Перед Москвой началось столпотворение. Люди с озабоченными лицами выставляли в проход чемоданы, сумки, баулы, коробки. Более сметливые сразу тащили их в тамбур. Проводники, с трудом перешагивая через завалы ручной клади, успокаивали пассажиров, как несмышленых детей. – Всех высадим, назад не повезем. – Те, понимающе кивали, но упорно тащили вещи к выходу, не уступая друг другу.
Когда замелькали пригороды столицы, а по трансляции запели о Родине и Москве, суета и волнение усилились. Для Василия возвращение из рейса – обычная работа, но, слушая слова знакомой песни, сердце и у него начинало биться сильнее.
В ресторане собралась вся бригада. Антонида Захаровна поманила Клокова на кухню. – Извини, Вася, сам видишь, ничего хорошего из продуктов не осталось, – сунула ему в руку деньги. – Не обижайся. Уж сколько могу, сама с дыркой возвращаюсь.
В коридоре его остановил Чернушка. – Ты вроде о расчете намекал? – Ночной заранее приготовил долг, отобрал купюры покрупнее и поновее, положил в целлофановый пакет.

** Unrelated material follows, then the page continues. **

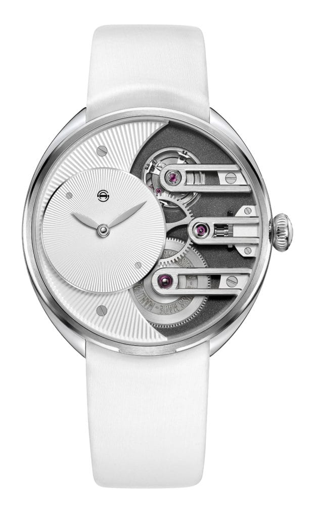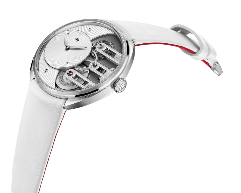 Cette dernière montre sans compromis de la manufacture basée à Biel-Bienne est un modèle résolument féminin, ce qui ne l’empêche pas d’afficher l’aspect technique du mouvement exclusif de la manufacture, qui fait fonctionner toutes les montres Armin Strom.

Директор быстро пересчитал деньги и спрятал в боковой карман пиджака. – Сейчас понесу, – вздохнул он. – Они же, акулы, чуть все деньги не оприходовали. А я, дубина стоеросовая, не успел кассу подбить, навар снять. Так они все в приход и внесли. А там лишку, – он прикрыл ладонью глаза. – Я этому народному контролеру говорю, мол, половина ваша, а он, – я ведь не один, бухгалтер уже кассу посчитала. Пришлось накинуть. Вот и прибыл на голой заднице. Ну, за ошибки надо платить. А ты думал, они орденов бабы Гани испугались? Как же! Это я так, для народа. Слава Богу, откупились. Ничего, думаю, выговором отделаюсь, а Юльку с Николаем премии лишат. – Он подмигнул Василию.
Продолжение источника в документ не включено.